Showing posts with label attachment to results. Show all posts
Showing posts with label attachment to results. Show all posts

Thursday, July 07, 2011

Releasing Attachment to Results. Yeah, Right. Me, Neither.

One of the biggest issues I face as a writer is doing the work and then, as the Bhagavad Gita advises, releasing my attachment to results. As a philosophy, it makes a boatload of sense. If I could manage this, I could simply concentrate on doing the work and quit angsting over all the stuff that's out of my control, such as:

1. blowing the socks off some editor or other (or better yet, every single one of them. In the known world!)
2. making everyone at the publishing house so excited they not only make an offer, but get behind the book in a huge way
3. notching up sales, awards, royalties, etc.
4. meeting and exceeding my readers' expectations
5. earning the affection of every person on the planet (as if any author ever born has done that!)
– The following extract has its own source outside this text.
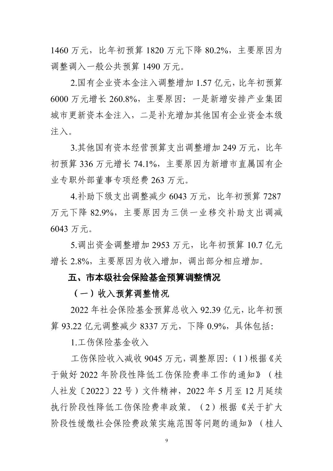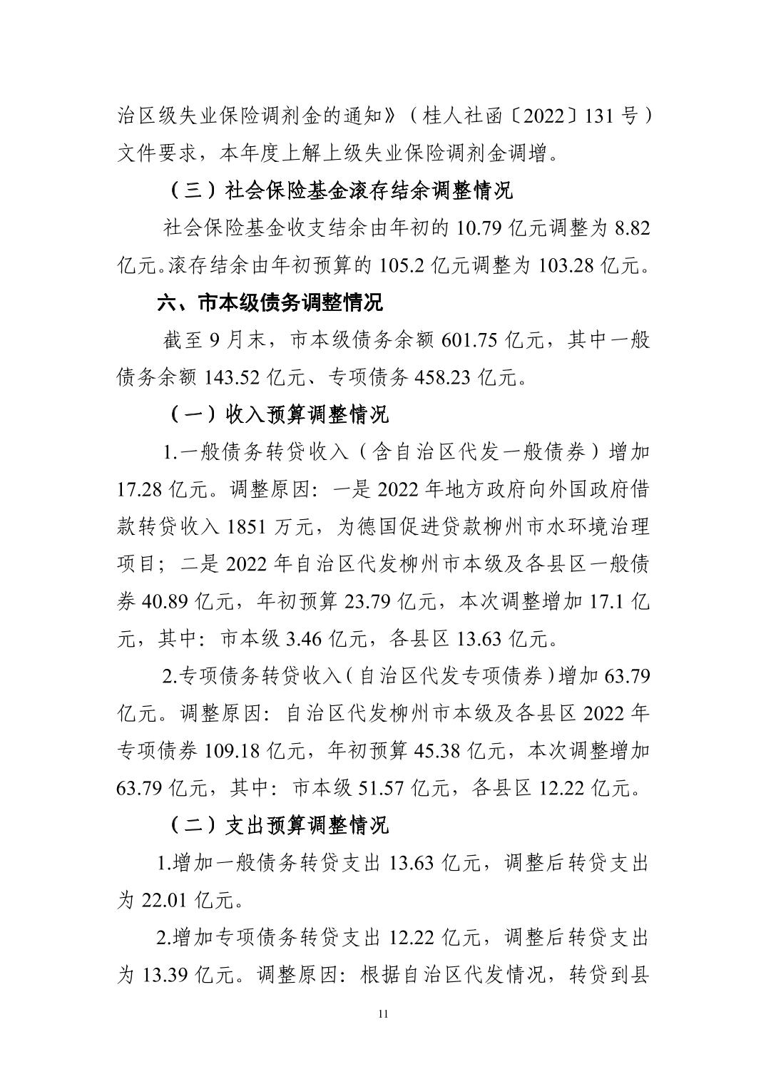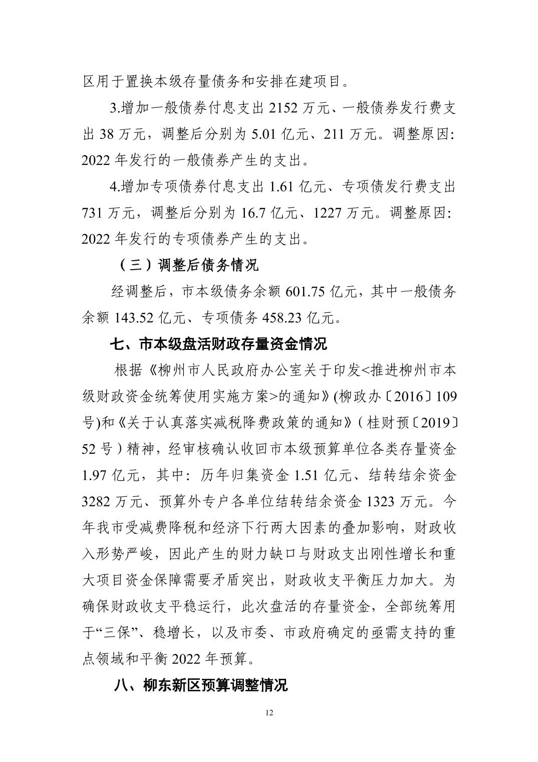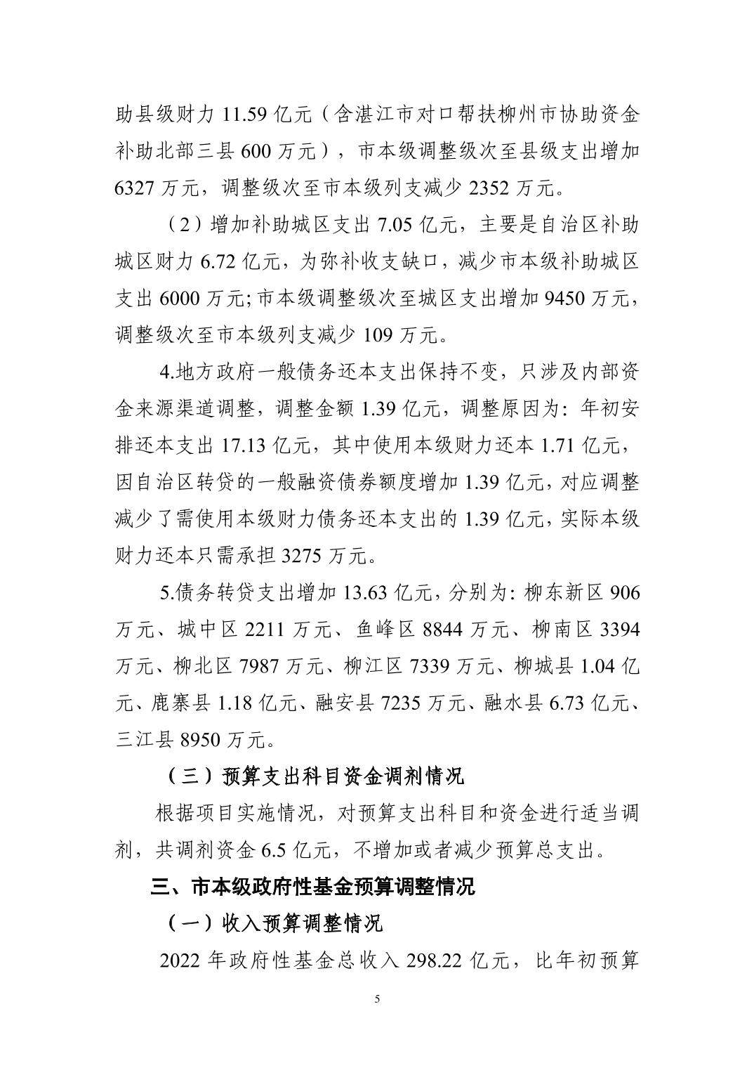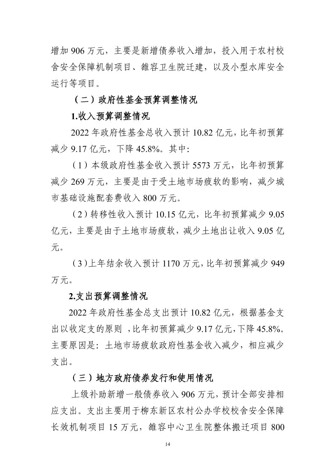 2022年市本级预算调整方案(草案)

The problem is, to successfully write a novel, you really, really have to care. You have to live it, breathe it, cry and bleed it. You have to plot and scheme and parse and anguish over every character, each chapter, every single sentence. And then you're supposed to suddenly cut the cord, turn your back on your progeny, and not even turn your head to check on its fate?

For most of us, it doesn't work that way. If we're pros, we go on to work on other projects to distract us. (Putting all your eggs is one basket is a recipe for disaster, and a having a shiny new story going really is the best inoculation against heartbreak.) If we're parents, we might think about the first time we handed our child over to daycare, kindergarten--or handed him the car keys. We were scared as hell, and a lot of us still pray each time we hear sirens. But we forced ourselves to let go. To let that child out into the world (eventually) to do his thing.

It doesn't make it easy. It doesn't make it hurt less. But if you want to be a pro (or raise a functional adult rather than a permanent basement dweller, come to think of it) you have to suck it up and do it nonetheless. And sometimes you have to willingly turn a blind eye to the stumbles along the way.

But that never, ever means that you don't care down to your bones.